** Material for the task follows **
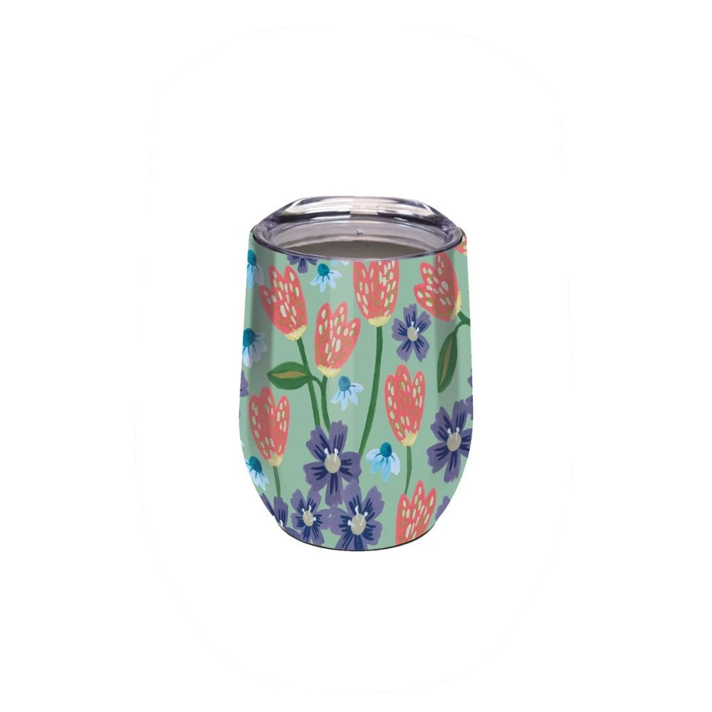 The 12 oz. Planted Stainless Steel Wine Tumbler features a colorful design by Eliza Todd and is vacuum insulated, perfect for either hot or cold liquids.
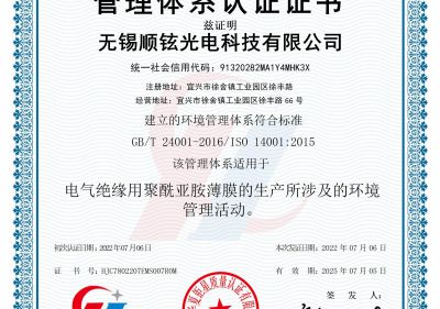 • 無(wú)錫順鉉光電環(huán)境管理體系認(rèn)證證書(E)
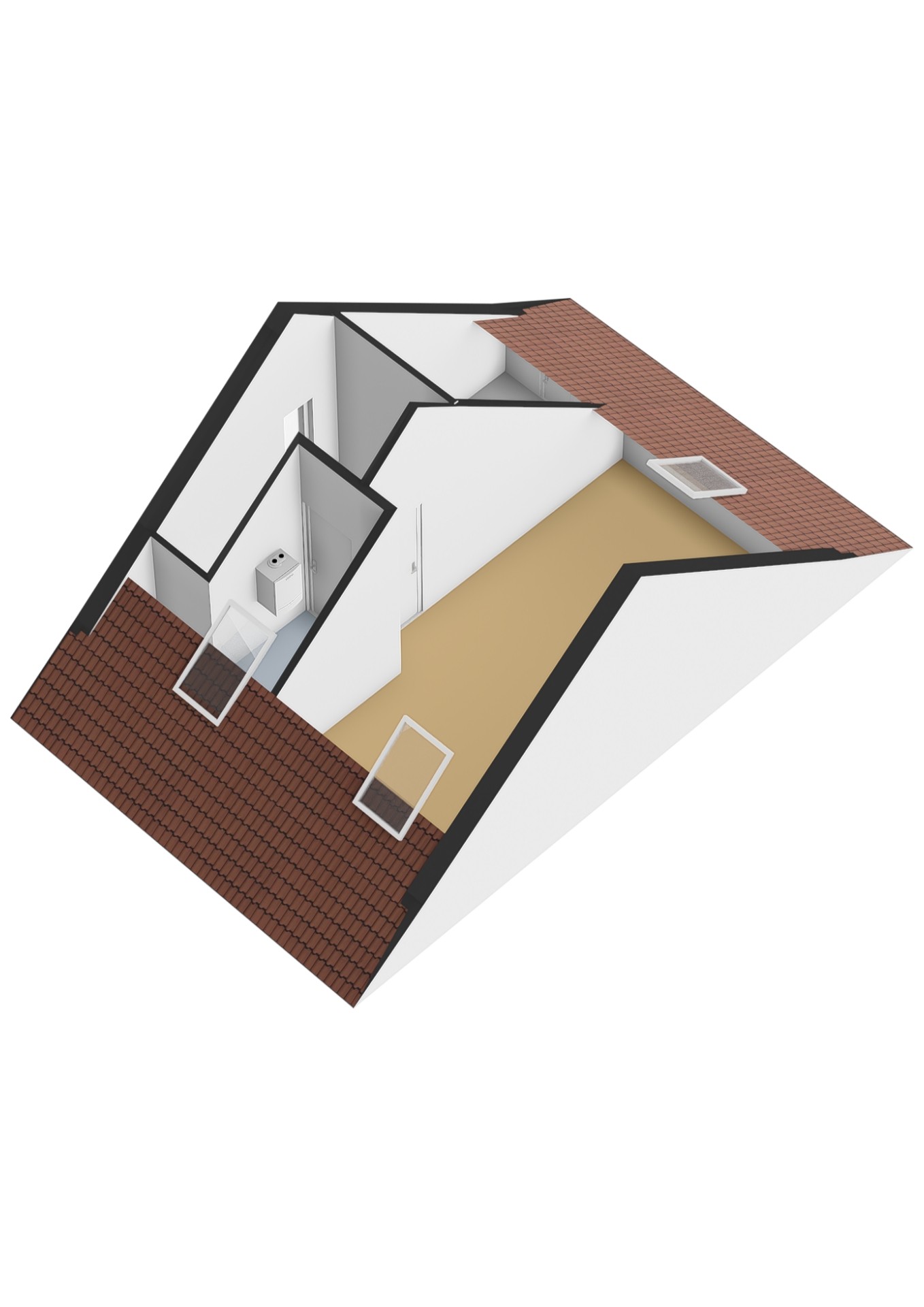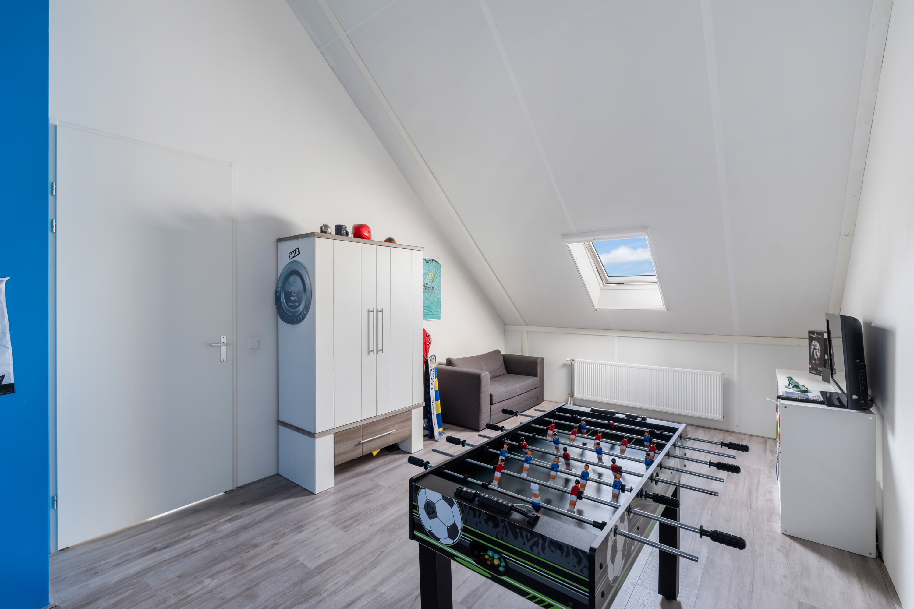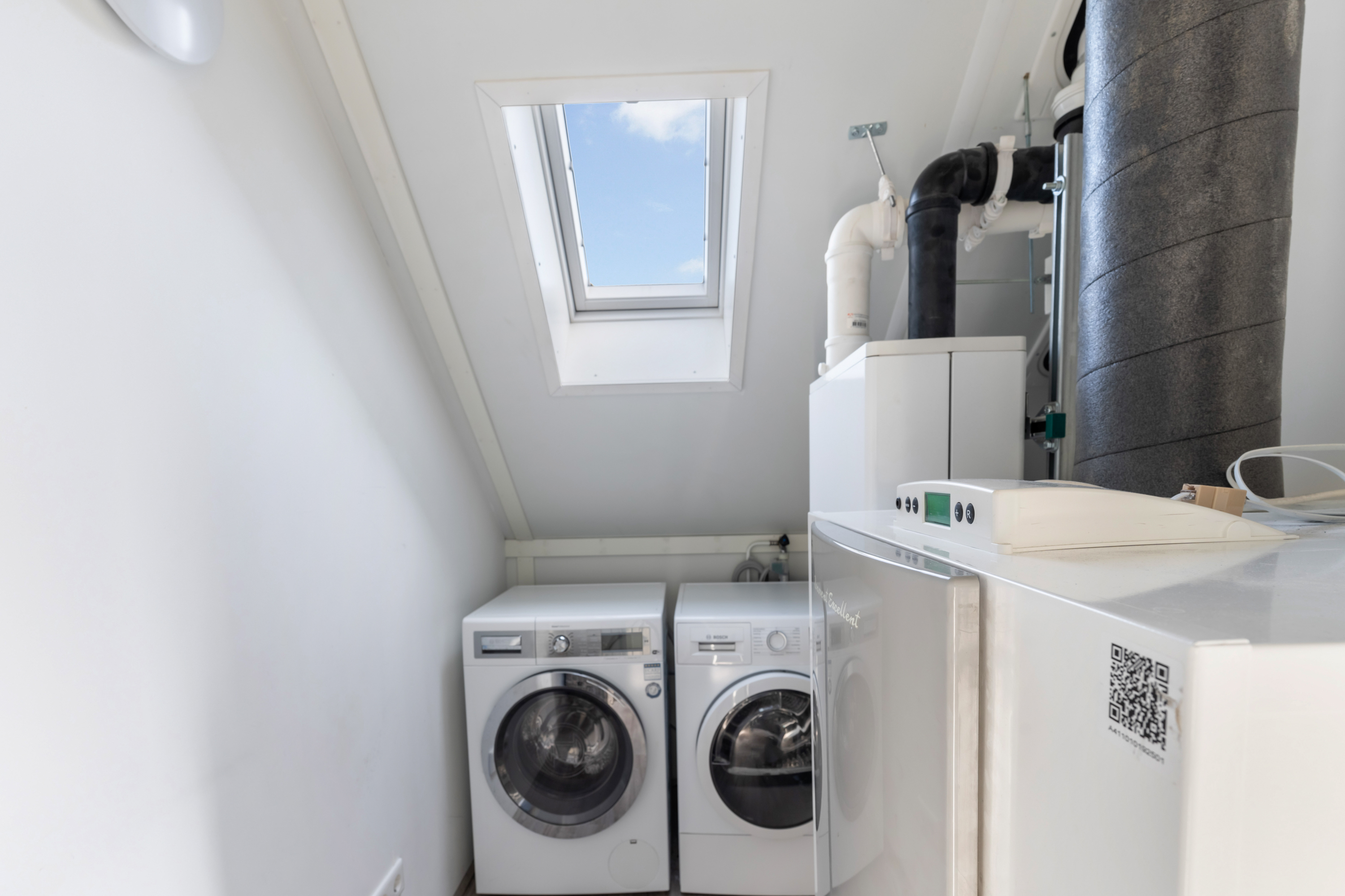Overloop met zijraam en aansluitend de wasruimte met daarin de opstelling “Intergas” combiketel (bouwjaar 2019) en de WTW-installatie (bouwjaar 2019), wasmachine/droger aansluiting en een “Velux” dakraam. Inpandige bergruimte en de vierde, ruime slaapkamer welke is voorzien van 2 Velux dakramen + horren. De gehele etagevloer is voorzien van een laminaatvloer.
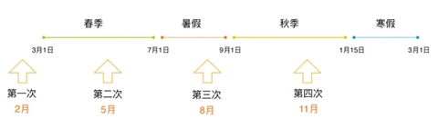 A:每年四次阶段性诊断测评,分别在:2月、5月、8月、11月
** End of Material for the task **
** Material for the task follows **
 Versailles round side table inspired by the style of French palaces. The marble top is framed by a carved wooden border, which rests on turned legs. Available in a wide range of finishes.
** End of Material for the task **
** Material for the task follows **
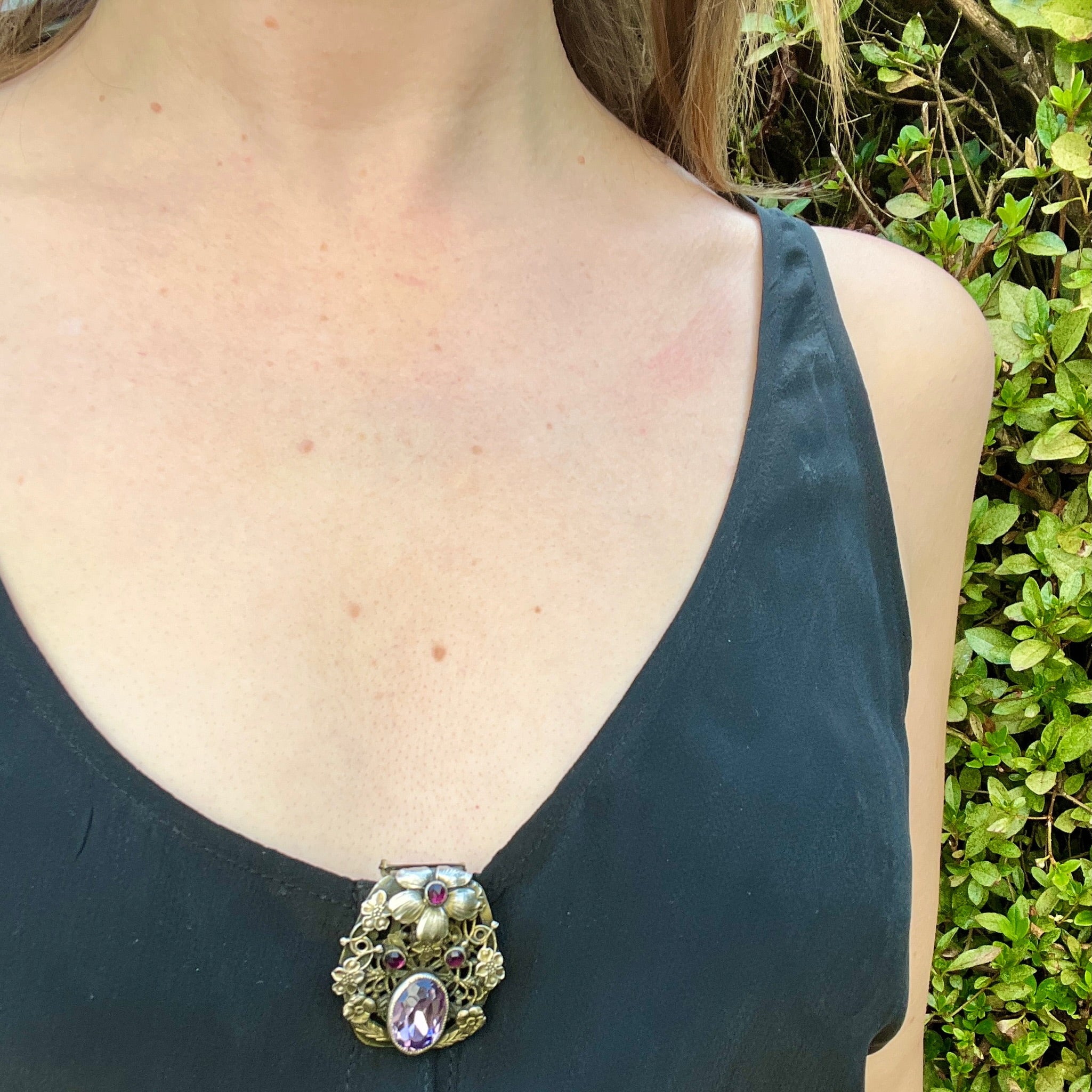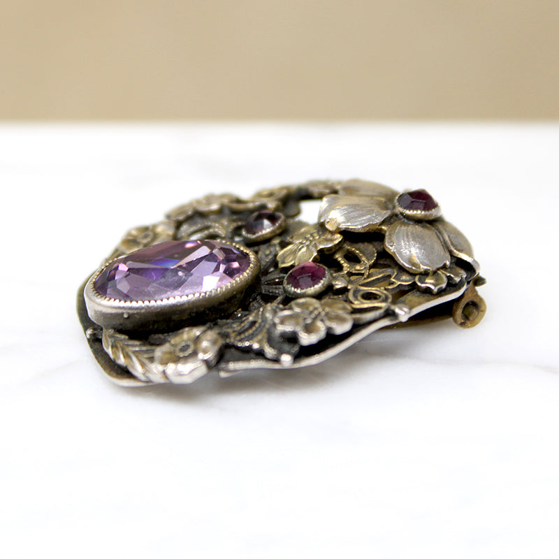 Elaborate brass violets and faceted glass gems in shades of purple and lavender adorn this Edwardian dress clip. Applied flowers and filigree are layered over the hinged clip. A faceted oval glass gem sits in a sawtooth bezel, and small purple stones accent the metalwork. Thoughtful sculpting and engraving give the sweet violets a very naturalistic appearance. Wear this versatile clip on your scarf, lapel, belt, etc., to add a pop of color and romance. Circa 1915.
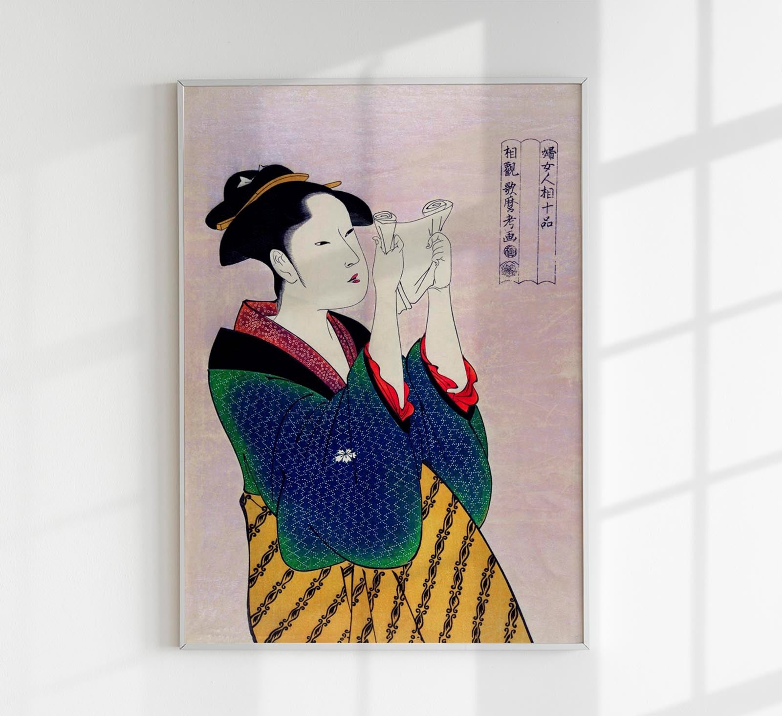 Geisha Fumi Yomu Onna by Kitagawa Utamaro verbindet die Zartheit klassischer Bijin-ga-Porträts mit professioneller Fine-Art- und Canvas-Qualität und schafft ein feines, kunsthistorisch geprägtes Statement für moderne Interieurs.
** End of Material for the task **
Task description — Quote the data above exactly from the line with "The 12 oz. Planted" to the line with "A:每年四次阶段性诊断测评,分别在:2月、5月、8月、11月", both ends counted, and nothing else. Pictures don't go in.

Response below —
 The 12 oz. Planted Stainless Steel Wine Tumbler features a colorful design by Eliza Todd and is vacuum insulated, perfect for either hot or cold liquids.
 • 無(wú)錫順鉉光電環(huán)境管理體系認(rèn)證證書(E)
Overloop met zijraam en aansluitend de wasruimte met daarin de opstelling “Intergas” combiketel (bouwjaar 2019) en de WTW-installatie (bouwjaar 2019), wasmachine/droger aansluiting en een “Velux” dakraam. Inpandige bergruimte en de vierde, ruime slaapkamer welke is voorzien van 2 Velux dakramen + horren. De gehele etagevloer is voorzien van een laminaatvloer.
 A:每年四次阶段性诊断测评,分别在:2月、5月、8月、11月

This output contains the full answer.